What's tha measure of the segment $AC$ in the question below?

Question

For reference:In triangle ABC ($<B = 90°$) the median $BM$ is drawn. Through the midpoint $N$ of this median a straight line perpendicular to $AC$ is drawn which intercepts $AC$ and $BC$ at points $Q$ and $P$. If: $PQ=5, QN=4$, calculate $AC$ (answer: $24$)

My progress..

$MC = MB = MA = R\\ \triangle BMC (isosceles) \implies BD = BC$

I try T. Menelaus Th.

$\triangle PQC : MB\\ CM\cdot QN \cdot PB = MQ \cdot PN \cdot. CB\\ R.\cdot 4 \cdot PB = MQ \cdot 1 \cdot CB \implies\\$

I think the solution is here...

Answer 1

$MN=x$, $QC=y$, $QM=y-2x$, $(y-2x)^2+QN^2=x^2$

$CP=\sqrt{QP^2+y^2}$

$S_{QCP}=\frac{QP}{2}y$

$h_{ABC}=2QN\Rightarrow S_{ABC}=4x\cdot QN$

$\frac{S_{ABC}}{S_{QCP}}=\frac{AC^2}{CP^2}=\frac{16x^2}{QP^2+y^2}=\frac{8x\cdot QN}{y\cdot QP}\Rightarrow x=\frac{(QP^2+y^2)\cdot QN}{2y\cdot QP}$

$(y-2x)^2+QN^2=x^2\Rightarrow\left(y-\frac{(QP^2+y^2)\cdot QN}{y\cdot QP}\right)^2+QN^2=\left(\frac{(QP^2+y^2)\cdot QN}{2y\cdot QP}\right)^2\Rightarrow$ $(2y^2\cdot QP-2(QP^2+y^2)\cdot QN)^2+4y^2\cdot QN^2\cdot QP^2=(QP^2+y^2)^2\cdot QN^2$

This is biquadratic equation that can be solved analytically but general formula for solution is too long.

If $QN=4$, $QP=5$: $(10y^2-200-8y^2)^2+1600y^2=16(25+y^2)^2\Rightarrow$ $y^4-200y^2+10000+400y^2=4y^4+200y^2+2500\Rightarrow$ $3y^4-7500=0 \Rightarrow y=5\sqrt{2} \Rightarrow x=\frac{(25+50)\cdot 4}{2\cdot 5\sqrt{2}\cdot 5}=3\sqrt{2}$.

But this result doesn't have sense, because $y$ must be greater than $2x$.

When taking $NP=1.55$, $QN=2.9$ the answer is $AC=4x=23.6$

Answer 2

Since the given data are inconsistent, I will present a general solution.

Consider the image below.

Say $\small EF=m$ and $\small EH=n$. Prolong $FH$ such that it meets the line through $\small B$ parallel to $\small AC$ at $\small G$. We can see that $\small \triangle EFD$ and $\small \triangle EGB$ are congruent. Therefore $\small BG=FD=x$ and $\small GH=(m-n)$.

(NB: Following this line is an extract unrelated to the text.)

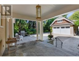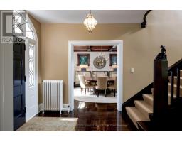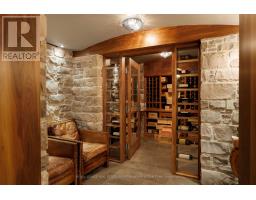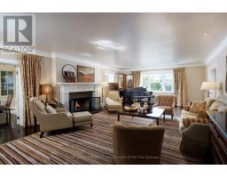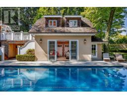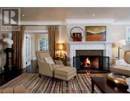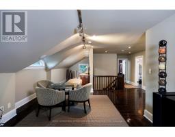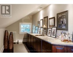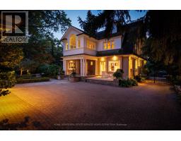 A landmark estate in St. George's Park. Privately set on one of Guelph's most prestigious streets, 75 Queen Street is a legacy residence of rare scale and architectural significance. This fully reimagined Dutch Colonial estate sits elevated on an 89 x 264-foot lot, surrounded by professionally designed grounds that have been meticulously cultivated and maintained for over 25 years. The exterior offers resort-quality living, with a saltwater pool, wood-burning fireplace, outdoor shower, and dedicated pool bathroom, framed by mature trees and layered stonework. The sense of privacy and serenity is immediate. Inside, the home spans over 5,700 square feet of finished space and follows a classic centre-hall plan with gracious flow and custom detail throughout. The main level includes a grand great room, formal dining room, glass-enclosed sunroom, chef's kitchen with granite surfaces and premium appliances, and a private office. Upstairs, the primary suite features two fireplaces, a walk-in closet, a five-piece ensuite, and a private balcony with hot tub. The third floor offers additional bedrooms, a large family room with wet bar, and elevated views of the gardens and city skyline. The fully finished lower level includes radiant heated floors, a home theatre, cigar lounge with ventilation, wine cellar, kitchenette, and full laundry. A detached garage and separate outbuilding provide parking for four vehicles, a sauna, a full bath, and two upper lofts that are ideal for guest accommodation, a studio, or a wellness retreat. In total, there is parking for 14 vehicles. All buildings are security-monitored and equipped with heat sensors, ensuring peace of mind and enhanced safety throughout the estate. Just steps to St. George's Park and within walking distance to downtown, the GO Station, and top schools, this property presents a rare opportunity to own one of Guelph's most iconic estates. Timeless, private, and built without compromise. (id:50886)

$$\small \triangle CHF\sim\triangle BHG\implies\frac {R+x}x=\frac{m+n}{m-n}$$ $$\small \therefore x=\frac{(m-n)R}{2n}$$

As $\small ED=R/2$, we can apply Pythagorean theorem to $\small \triangle EFD$ which gives, $$\small m^2+\left(\frac{(m-n)R}{2n}\right)^2=\left(\frac R2\right)^2$$ This simplifies to $$\small (m^2-2mn)R^2+4m^2n^2=0$$ In the case of $\small m=4$ and $\small n=1$, we get $\small R=\sqrt{-8}$ which is undefined.

According to WolframAlpha, we can find these positive integer solutions those satisfy the above equation.